В августе мы встретились в Портленде и пустились в плаванье вдоль побережья штата Мэн в специально нанятой шлюпке. Шесть недель провели мы в плавании, время от времени делая остановки то здесь, то там, причем Дорн чувствовал себя на нашем новоанглийском суденышке как дома. Штили сменялись туманами и сильными ветрами. Солнце прокалило нас дочерна; изморось, дождь и туманы пропитали нашу кожу. Мы приставали к берегу только затем, чтобы пополнить запасы и поразмяться; в остальное время нам не давало скучать бесконечно изменчивое море. Все вместе привело меня в странное, еще не знакомое расположение духа: я постоянно чувствовал рядом какую-то живую, необъятную стихию и в то же время был скован счастливой дремотой, мешавшей понять, что же со мной происходит. Часто, словно состязаясь с воем ветра, шумом волн и скрипом рангоутов, я во весь голос распевал обрывки знакомых мелодий, а Дорн, лежа на спине у наветренного борта, между леером и комингсом, тянул свои песни, непривычные для моего слуха, но звучавшие в лад глуховатому рокоту моря. Временами меня охватывала дрожь неожиданного волнения. Море то и дело сбрасывало обманчиво ласковую личину, показывая свое истинное, суровое лицо. Но это меня не смущало. Собственная жизнь казалась мне ничтожно малой. Я был доволен, и в то же время меня постоянно снедало лихорадочное беспокойство.

Иногда мы проводили целые часы в молчании, но часто вдруг вспыхивал горячий, открытый разговор, и мысли стремительно мелькали в голове, обгоняя слова. Поначалу я, думая только о себе, спешил раскрыть перед Дорном самые сокровенные глубины своего существа, чего не делал никогда раньше, и всякий раз встречал теплую симпатию и выслушивал трезвый совет.
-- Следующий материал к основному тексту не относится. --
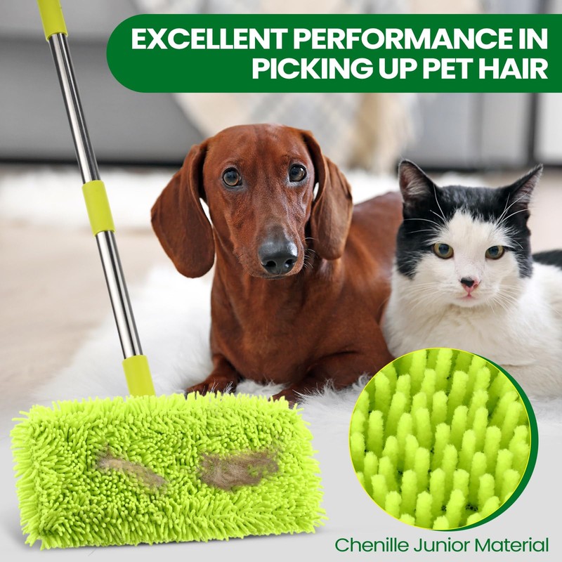 - Three Types of Fabric for Deep Cleaning: the package includes green coral fleece wet mopping cloths, which are better suited for dry use and have excellent water absorption; The light green chenille microfibers are ideal at absorbing lint or your dog's or cat's hair; The white one can effectively clean the room since it is composed of twisted fabric, which also has high water absorption and cleaning effects

Наконец я устыдился своей откровенности и заставил себя замолчать. Настал черед Дорна, но если я исповедовался в своих личных проблемах, то все, что говорил он, носило, скорее, безличный характер; ему хотелось рассказывать не столько о себе, сколько о своей стране.
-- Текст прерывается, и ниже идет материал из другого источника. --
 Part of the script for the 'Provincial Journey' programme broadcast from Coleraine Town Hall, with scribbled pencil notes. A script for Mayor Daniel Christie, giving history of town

Оказалось, что его родственник, молодой Мора, учившийся сейчас в Оксфорде, был сыном одного из ведущих политиков Островитянии — лорда Моры. Отец, Мора XXV, премьер-министр, был очень влиятельной и сильной политической фигурой. Его взгляды, как и взгляды его предков, представляли прямую противоположность взглядам рода Дорнов, и оба дома неоднократно сталкивались на протяжении веков. И хотя мой спутник и не высказал своих опасений вслух, я догадался, что он обеспокоен возможностью подобного столкновения в будущем.
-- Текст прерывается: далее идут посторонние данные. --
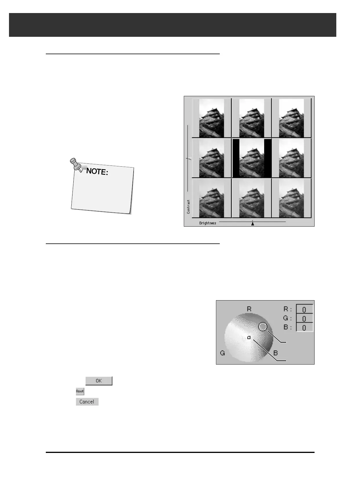 The windows display a one step change in the brightness and contrast, but up to 10 steps (+/-)

Начиная с древности островитяне жили под постоянной угрозой, подвергаясь набегам народов с севера: многочисленных негритянских племен, диких и кровожадных, и более цивилизованной, заселявшей узкую прибрежную полосу народности карейн, образовавшейся в результате смешения негров и арабских поселенцев, появившихся после Хегиры. До последнего времени более опасными были карейны, но за последние пятьдесят лет они подпали под влияние Англии, Германии и Франции, что заставило наиболее пылких вождей обратить свою неуемную энергию на внутренние дела и на подавление чернокожих. Политика Островитянии носила оборонительный характер и была направлена на защиту собственных интересов. Когда-то ее границы были строго определены, но впоследствии островитяне всегда предпочитали укрываться за окружавшими их страну неприступными горами. По мнению Дорна, так следовало действовать и в дальнейшем. Однако недавно Мора начал крупную военную кампанию против чернокожих и их карейнских предводителей, длившуюся уже второй год и неуклонно близившуюся к победному концу. Война в Островитянии постоянно занимала мысли Дорна — отчасти потому, что многие из его друзей подвергались опасностям военного времени, отчасти потому, что он старался предугадать, к каким политическим последствиям может привести война. Тревога его была тем больше, что за землей, по которой продвигались сейчас войска Моры, алчно следила Германия. Мне, однако, трудно было понять до конца, что же так волнует моего друга.

— Политические контакты всегда складывались для нас неудачно, — сказал Дорн.

— Но чего ты боишься? — спросил я. — По-моему, ни одна из мощных европейских держав не собирается нападать на Островитянию.

— Я боюсь не войны, — ответил он, — я боюсь того, что Мора и его сторонники могут изменить нашу жизнь, сделать нас непохожими на самих себя, а мы не сможем этому противиться из-за всех этих политических контактов.

Смутное объяснение источника его страхов показалось мне совершенно безосновательным. Ведь разве существует в мире хоть одна страна, которая бы не испытывала перемен? Разве перемены эти не были неизбежны и разве не служили они истинным признаком прогресса?

— Ты неисправимый консерватор, — сказал я.

Дорн на мгновение задумался.

— Конечно, — ответил он с некоторым удивлением в голосе и, улыбнувшись, растянулся на палубе и принялся негромко напевать, вторя морскому гулу.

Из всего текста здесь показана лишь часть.